Dimanche pluvieux. Réveil difficile. Un temps à rester chez soi. Je décide de ne rien faire, mais alors rien, ni vaisselle, ni ménage, ni rangement. En même temps, ce n’est pas vraiment mon habitude de passer mes dimanches au milieu des gants Mapa et des produits à la javel. Pourtant, il y en aurait besoin, mais bon... pas envie. Mes deux colocataires mâles s’en occuperont si le coeur leur en dit, sinon tant pis.

Vous avez dit féminisme ?

Une amie vient boire le thé. Elle m’annonce qu’elle fait partie d’une association féministe. Je reste coi. Cela m’intrigue, pour moi le féminisme, c’est des histoires de Simones : Simone de Beauvoir et la liberté sexuelle, Simone Veil avec le droit à la contraception et à l’avortement, mais aussi des trucs moins cools, quasi extrémistes voire anti-mecs.
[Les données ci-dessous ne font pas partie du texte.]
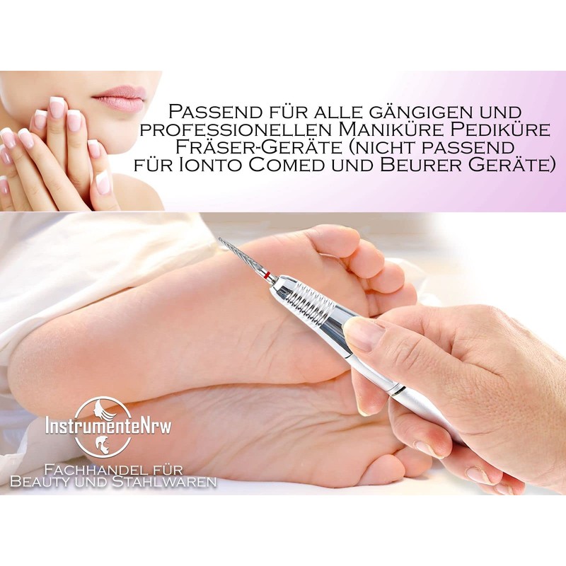 Ideal aid for manicure, pedicure, nail care at home, here the InstrumenteNrw carbide cutters will help you. InstrumenteNrw HM sanders are manufactured to meet high demands and allow for clean professional work. They can contribute to well-groomed beautiful hands and feet. Suitable for all standard and professional router devices (not suitable for Ionto Comed and Beurer devices). The HM cutter has the following details:
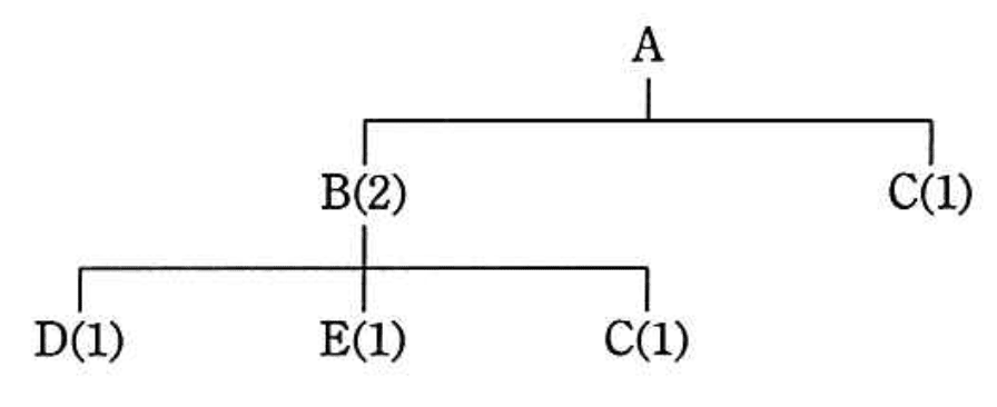 図は、製品 Aの構成部品を示し、括弧内の数字は上位の製品・部品1個当たりの所要数量である。この製品Aを 10 個生産する場合、部品 C は、少なくとも何個発注する必要があるか。ここで、現在の部品 Bの在庫は0個、部品 Cの在庫は5個である。
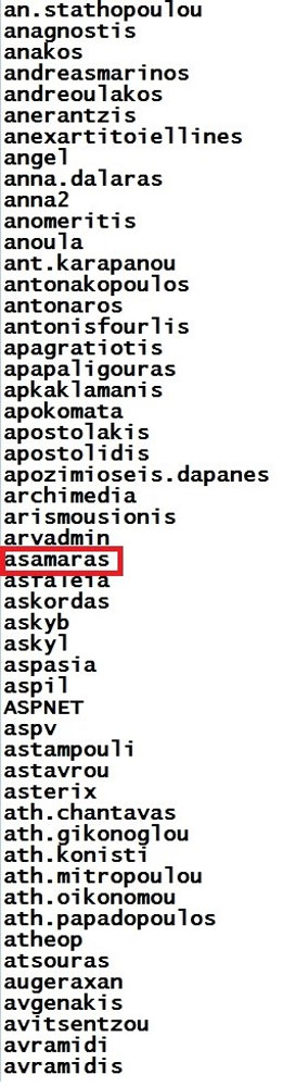 Αξιοποιώντας τα στοιχεία αυτά φαίνεται ότι απέκτησαν επιπλέον πρόσβαση σε μεγάλο αριθμό υπολογιστών στελεχών της Βουλής, εργαζομένων, υπουργών, βουλευτών κ.ά.. Αυτό αποδεικνύεται από το γεγονός ότι διαθέτουν ΠΛΗΡΗ λίστα όλων των usernames που χρησιμοποιούνται για την πρόσβαση στους υπολογιστές της Βουλής, ακόμα και του ίδιου του πρωθυπουργού Α. Σαμαρά αλλά και του κ. Ευάγγελου Βενιζέλου. Δείτε τα σχετικά Screenshots όπως απεστάλησαν:
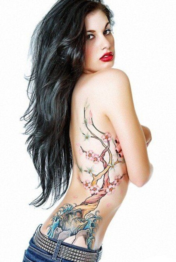 美女侧腰树文身作品
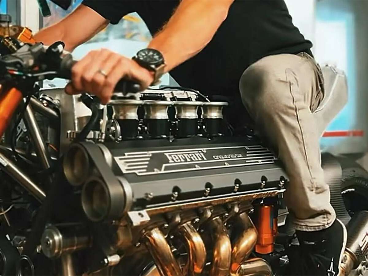 Criaram uma motocicleta de 400 cv em casa usando o motor de uma Ferrari: o som é melhor que o de uma MotoGP
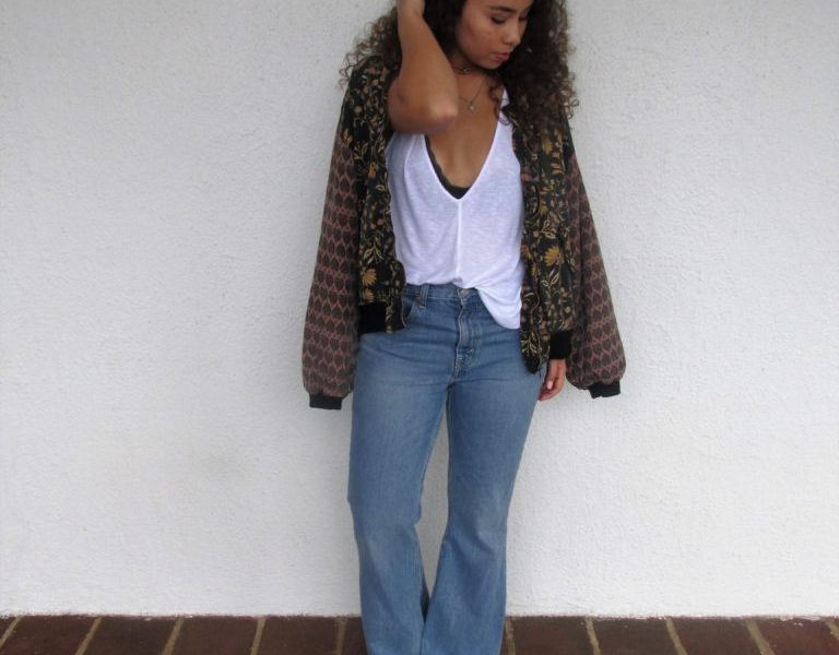 This Fashionista did transitional fall perfectly. She decided to stick with a super bohemian yet sophisticated low-cut tank top with a black bralette underneath. This Fashionista paired this top with a new denim trend for the fall, wide leg jeans. I love the look of wide leg jeans. I think wide leg jeans are the most versatile pair of jeans you can add to your closet and can match any personal style. You can pair them with a loose top like she did, or you can pair them with a belt and a crisp button-down for a classic look. To cover up and keep warm, she paired the outfit with a printed bomber jacket perfect for the fall days. The jacket adds a twist and unexpected look to the outfit.
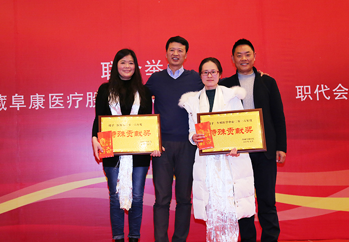 王斌董事長(zhǎng)、劉瀟瀟總經(jīng)理等院領(lǐng)導(dǎo)為先進(jìn)科室、優(yōu)秀員工頒發(fā)獎(jiǎng)?wù)录蔼?jiǎng)金
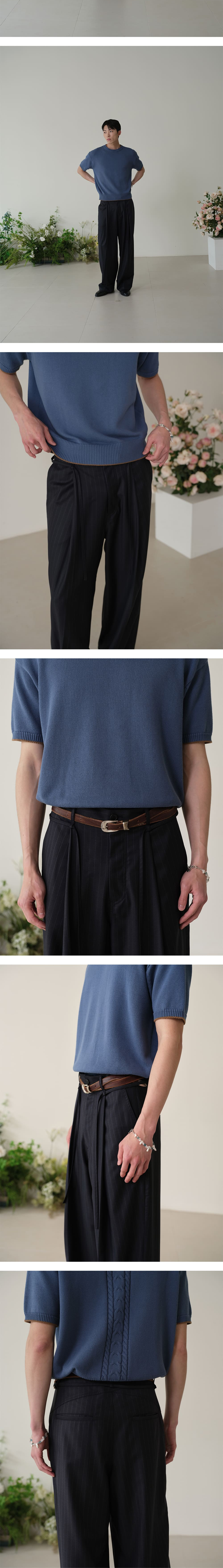 Waviness Deep One Tuck Turn Up Slacks Black Stripe
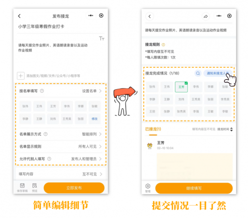 老师可简单修改细节并导入班级名单,完成后直接转发到班级群,学生点击就能提交作业,提交作业后名字自动点亮,未提交名单清晰可见,老师可一键通知未交学生,不用反复催促。
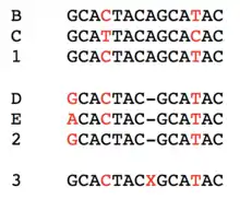 Candidates used for ASR are often selected based on the particular property of interest being studied – e.g. thermostability.[9] By selecting sequences from either end of a property's range (e.g., psychrophilic proteins and thermophilic proteins) but within a protein family, ASR can be used to probe the specific sequence changes that conferred the observed biophysical effect – such as stabilising interactions. Consider in the diagram, if sequence 'A' encoded a protein that was optimally functional at neutral pHs and 'D' in acidic conditions, sequence changes between '5' and '2' may illustrate the precise biophysical explanation for this difference. As ASR experiments can extract ancestors that are likely billions of years old, there are often tens if not hundreds of sequence changes between ancestors themselves and ancestors and extant sequences – because of this, such sequence-function evolutionary studies can take a lot of work and rational direction.[1][6][16]
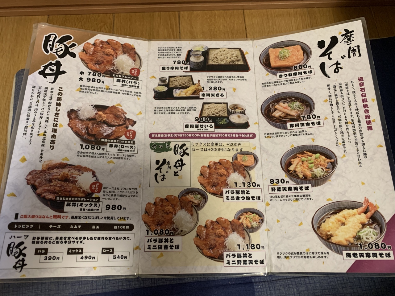 弟子屈市街をぐるっと迂回する国道391号沿いにある「豚丼」と「摩周そば」の店です。店内はカウンターとテーブル、小あがり。小あがりの席に案内いただきました。私は北海道産豚使用の「豚丼(ロース)」をオーダー。山わさびがのってます。帯広の”とん田”には及びませんがなかなかでした。妻は「盛り摩周そば」をオーダー。弟子屈で栽培したそばを早めに刈り取り天日干し、石臼粗挽き粉にし毎朝その日の分だけ手打ちするのだそうです。見た目ちょっと太めで歯ごたえがありました。駐車場も広く入りやすいお店です。街道沿いなのでドライブインとしておすすめ。

Je suis donc un peu sceptique et lui demande quels sont les enjeux du féminisme en 2008. Elle m’explique que le droit à l’avortement est toujours d’actualité, rien n’est jamais acquis, la preuve, en Italie on parle de l’interdire de nouveau... Et puis elle me montre des cartes postales de son association pour alerter l’opinion publique à propos de problèmes comme les violences conjugales, le viol, le fait qu’une femme, à diplôme égale, n’obtient que très rarement le même poste et le même salaire qu’un homme...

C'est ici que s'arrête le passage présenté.